If Fannie Mae were a normal company, even diehard believers would be bolting for the exits. But it's not. For one thing, it's a top fee payer on Wall Street, and even as its stock price has slid to a four-year low recently, Wall Street analysts have continued to reiterate buy ratings. "Opportunities Abound" was the title of a recent Merrill Lynch report. Citigroup, which recently disclosed that it owns more than 6% of Fannie's stock, has also issued bullish reports. The best (or worst) comes from Lehman Brothers, which earned $75 million in fees in late 2004 when Fannie sold preferred stock to shore up its capital. Analyst Bruce Harting not only has kept his $100 price target on the $59 stock but also defends that target by creating a measure he calls "true" book value, which simply ignores the $9 billion restatement.

Credit-rating agencies, which are paid by the companies that they rate--and Fannie Mae is one of the world's largest issuers of debt--are equally supportive. In a recent report, Fitch Ratings defended Fannie's triple-A rating (which is critical to Fannie's business, because it allows the company to borrow money cheaply) in part by citing the "quality of systems used to measure and manage interest rate and credit risk." That flies in the face of OFHEO's contention that Fannie has "internal control deficiencies that it believes raise safety and soundness concerns." Fitch also cited the "assumption of support from the U.S. government that would be provided in the event of severe financial stress" at Fannie. But the U.S. government does not in fact guarantee Fannie's debt, and one of the purported goals of new legislation is to make this clear. "I don't think anything should be too big to fail," says Senator Richard Shelby (R-Alabama).

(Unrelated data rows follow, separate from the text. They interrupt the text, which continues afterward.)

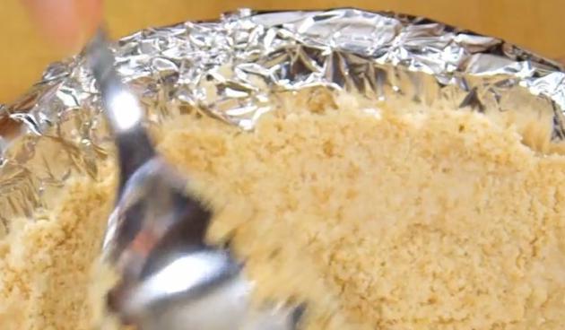 紙皿にアルミホイルをしき、クッキー生地をしき詰めます。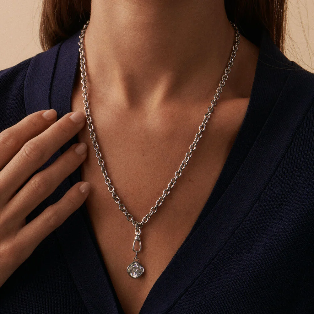 Colgante de circonita transparente, verde, azul o negra. Un amuleto de luz perfecto para combinar con el resto de colgantes de la colección. Es la pieza clave para elevar tus looks y darles un brillo increíble. Crea tu collar personalizado con los amuletos de moda de la nueva colección de Maria Pombo X AGATHA. Joya acabada en rodio.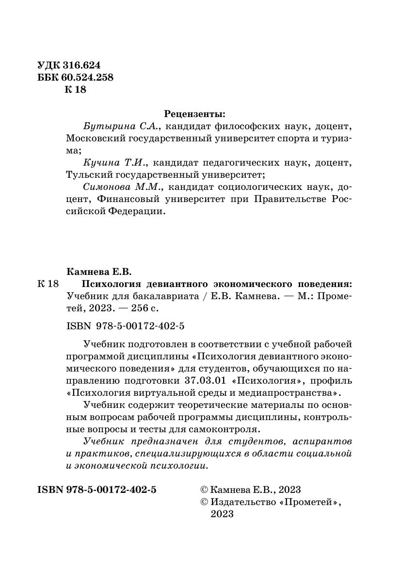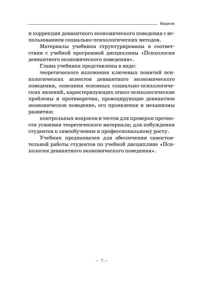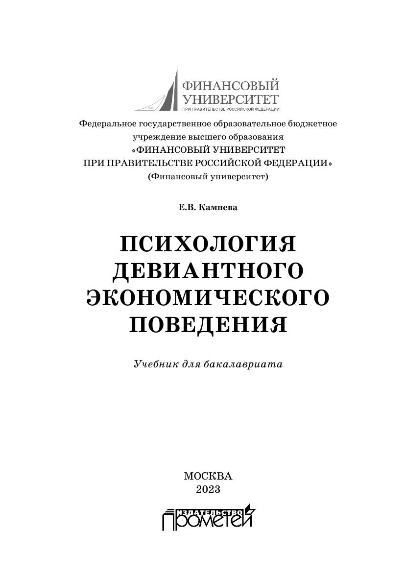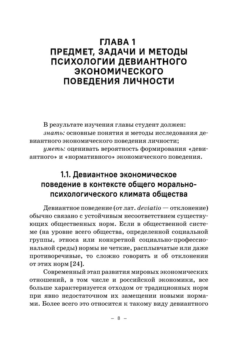 Учебник подготовлен в соответствии с учебной рабочей программой дисциплины «Психология девиантного экономического поведения» для студентов, обучающихся по направлению подготовки 37.03.01 «Психология», профиль «Психология виртуальной среды и медиапространства». Учебник содержит теоретические материалы по основным вопросам рабочей программы дисциплины, контрольные вопросы и тесты для самоконтроля. Учебник предназначен для студентов, аспирантов и практиков, специализирующихся в области социальной и экономической психологии.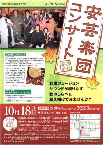 ドラマーの折田吉弘、キーボードの折田栄子、篠笛の梶川純司を中心として結成された広島在住の音楽家の集団。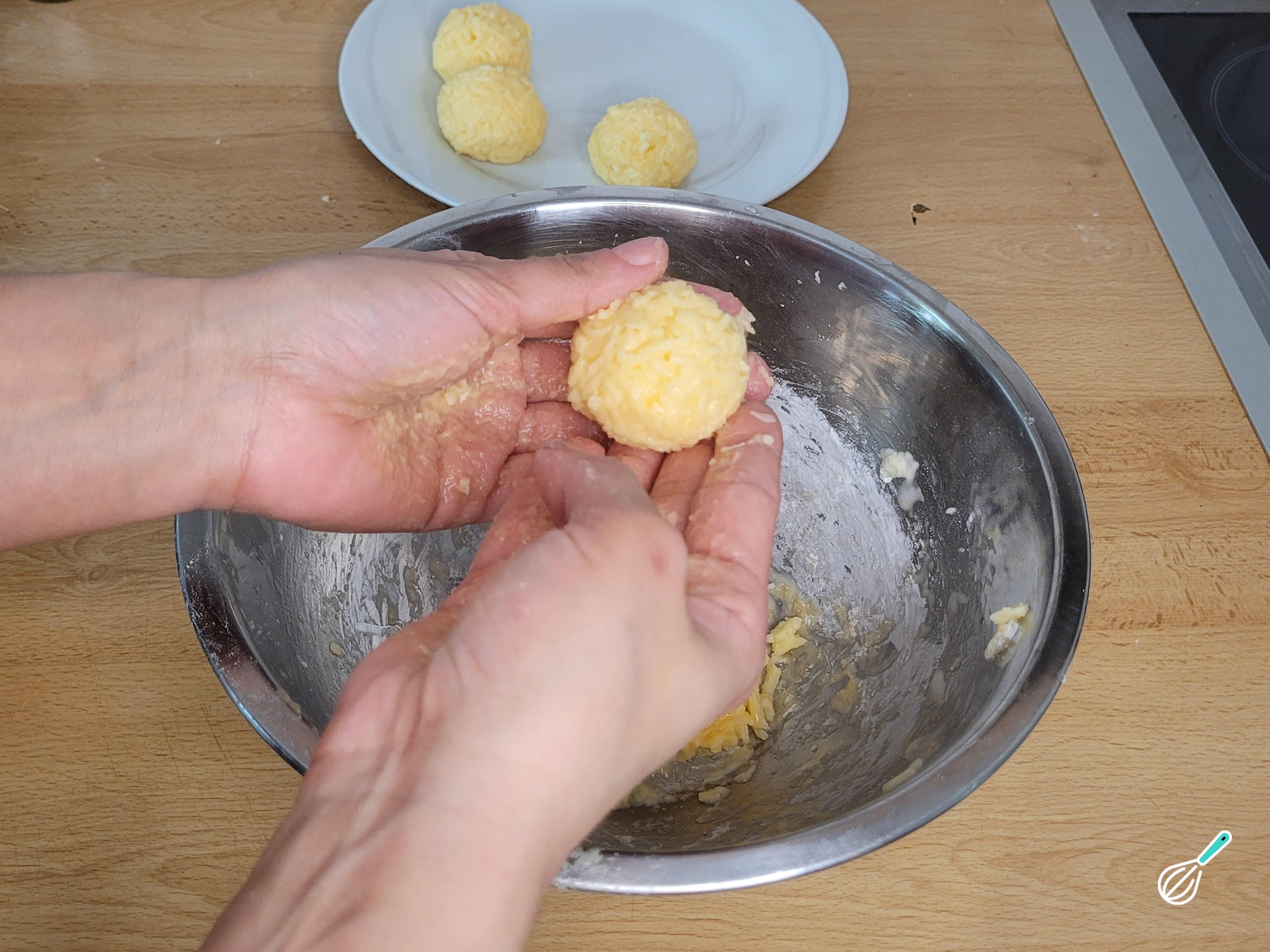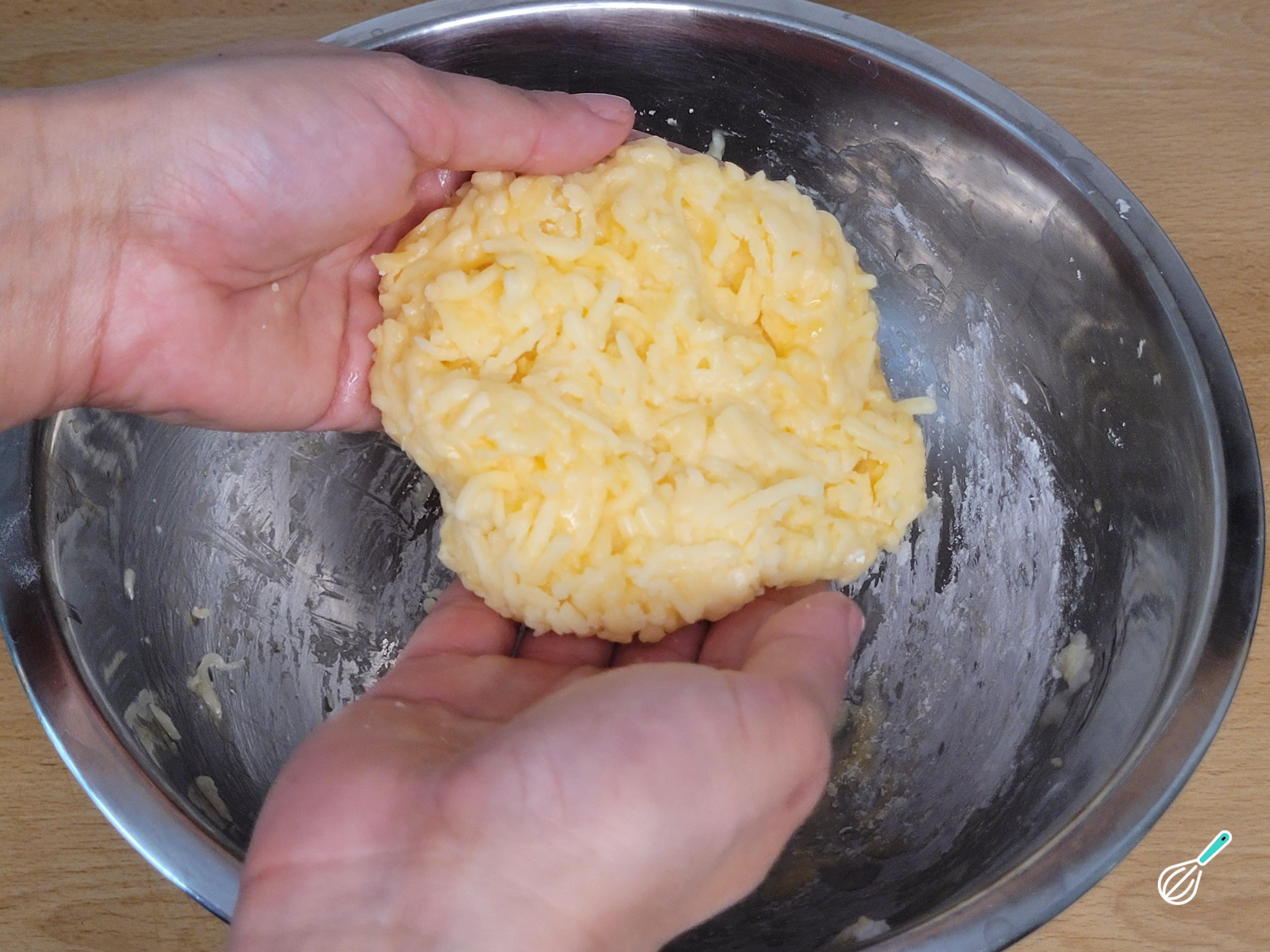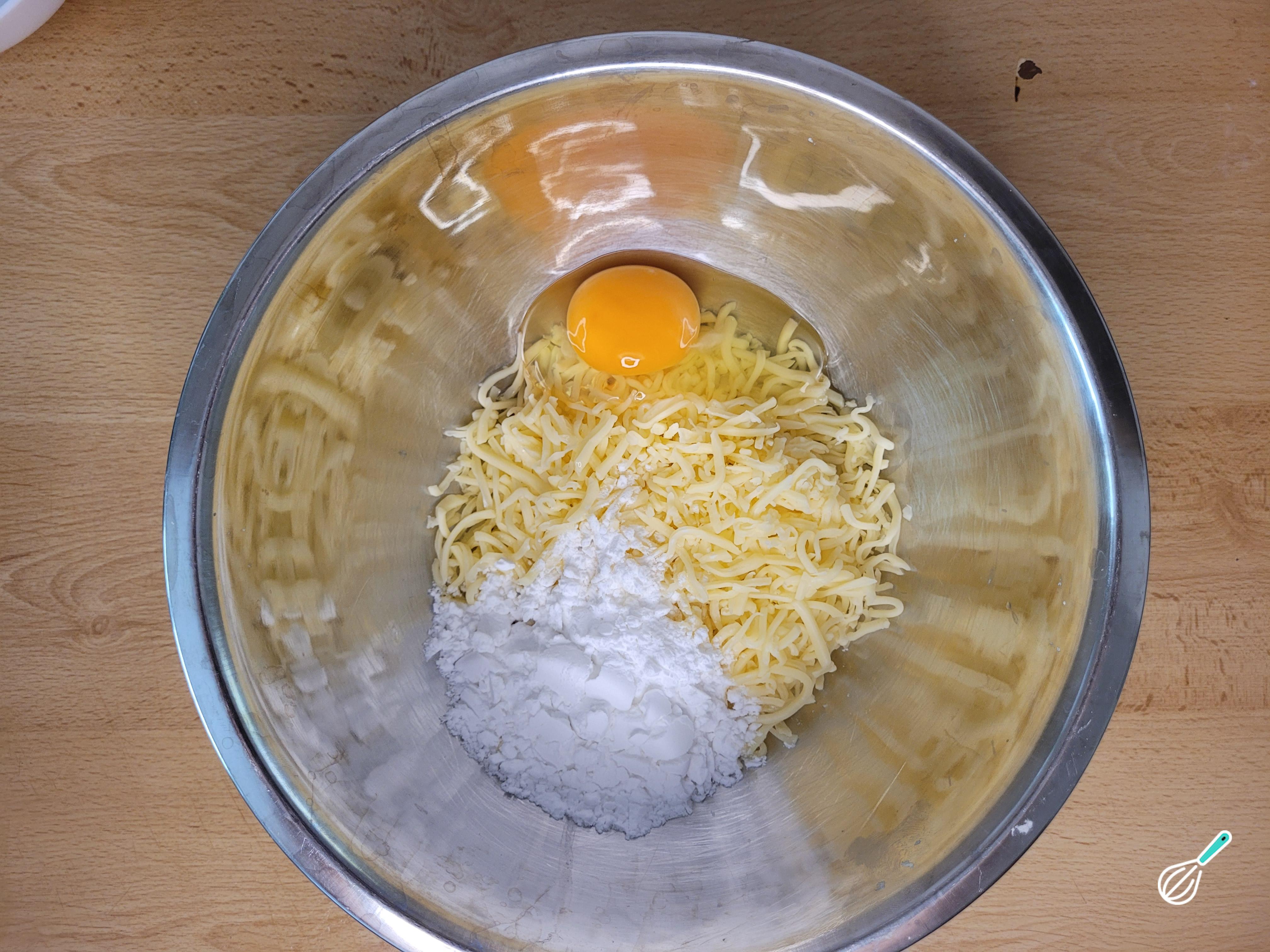 Coloque o queijo e o ovo, adicione o amido de milho aos poucos e comece a misturar com as mãos.

Indeed, in Washington the story is a bit different. There, the drumbeat against Fannie and its sibling Freddie Mac has grown steadily louder. In testimony before the House Financial Services Committee on Feb. 17, Alan Greenspan, in response to questioning by Richard Baker (R-Louisiana), said he thought Fannie and Freddie should have to shrink their mortgage holdings to a combined $100 billion to $200 billion, down from the $1.5 trillion that the two companies own today. Otherwise, said the Fed chairman, "we are placing the total financial system of the future at substantial risk." There's some evidence that Greenspan's views, once considered dangerously "anti-housing," are becoming more mainstream. They will have a "significant impact" on the new legislation to govern Fannie and Freddie that Baker is planning to introduce, says Michael diResto, Baker's spokesperson.

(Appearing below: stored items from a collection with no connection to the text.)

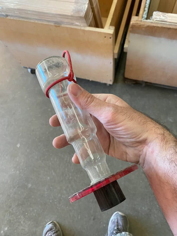 14. “Husband found this Glass tube thing at work. Might say Ball on one side looks to fit on top of a mason jar about 8 inches long.”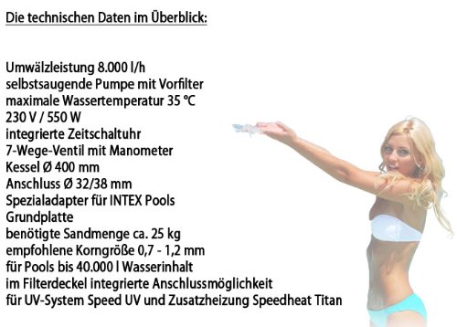 Leistungsstarke Sandfilteranlage Mithilfe integrierter Zeitschaltuhr unter anderem 7-Chancen-Absperrvorrichtung statt dessen jedweder Schwimmbadtypen solange bis 40.000 l Wasserinhalt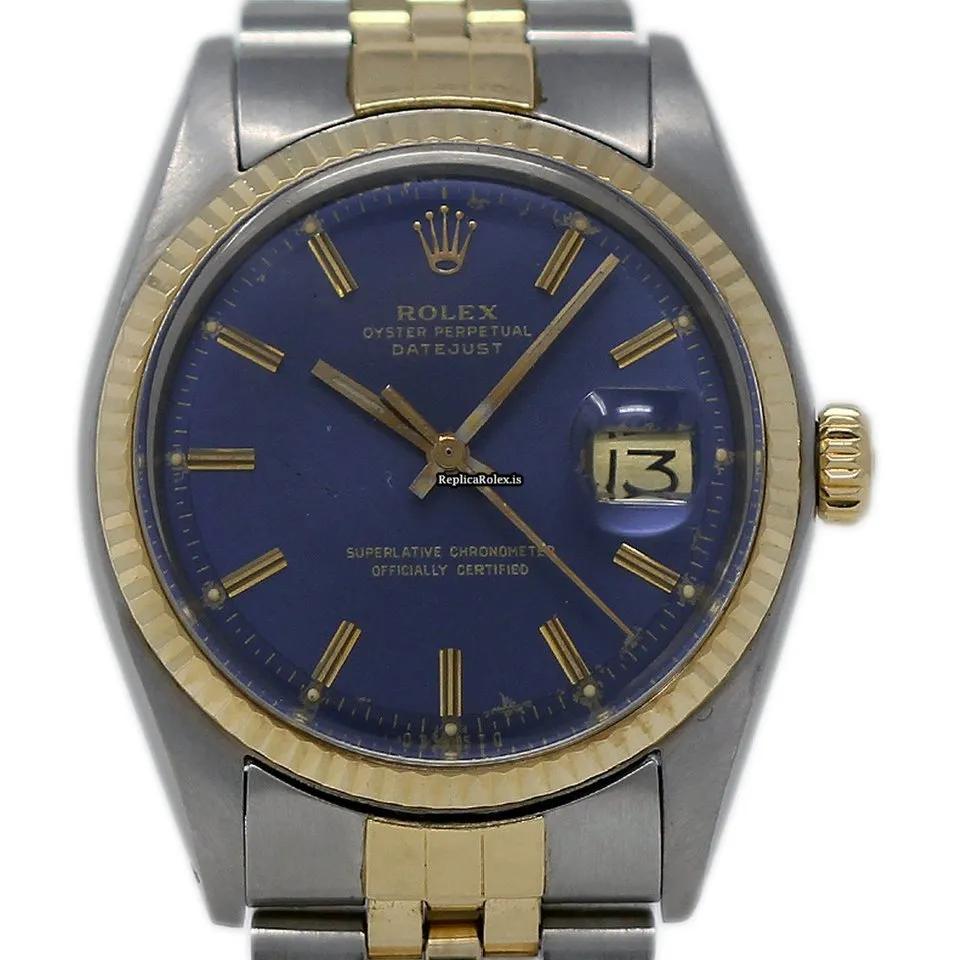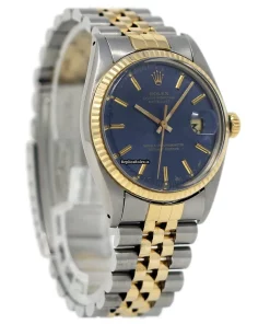 Tags: 10m atm, 1603, 185mm bracelet length, 36mm case diameter, automatic movement, blue dial, gold/steel bracelet material, mens watches, plastic crystal, steel case material, unisex watches, yellow gold bezel material

The conventional wisdom is that the recent news from Fannie has increased chances that new legislation will be passed this year; Senator Shelby says the odds are "excellent." Both Fannie and Freddie want new legislation to remove the uncertainty. The Bush administration, which has taken a harder line than Congress on Fannie and Freddie for ideological but also pragmatic reasons (the administration doesn't want to be implicated in a major business scandal), has been silent. That's no accident, says one person close to the furor. After all, if Fannie continues to dig itself into a deeper accounting hole, why not wait to create even tougher regulation? "Slow torture" is how this person describes the attitude toward Fannie and Freddie. In some quarters there's even a belief that new legislation shouldn't be considered without a real debate about the risks and rewards of Fannie and Freddie's continued existence as government-sponsored entities. That would be something even Wall Street would have a hard time ignoring.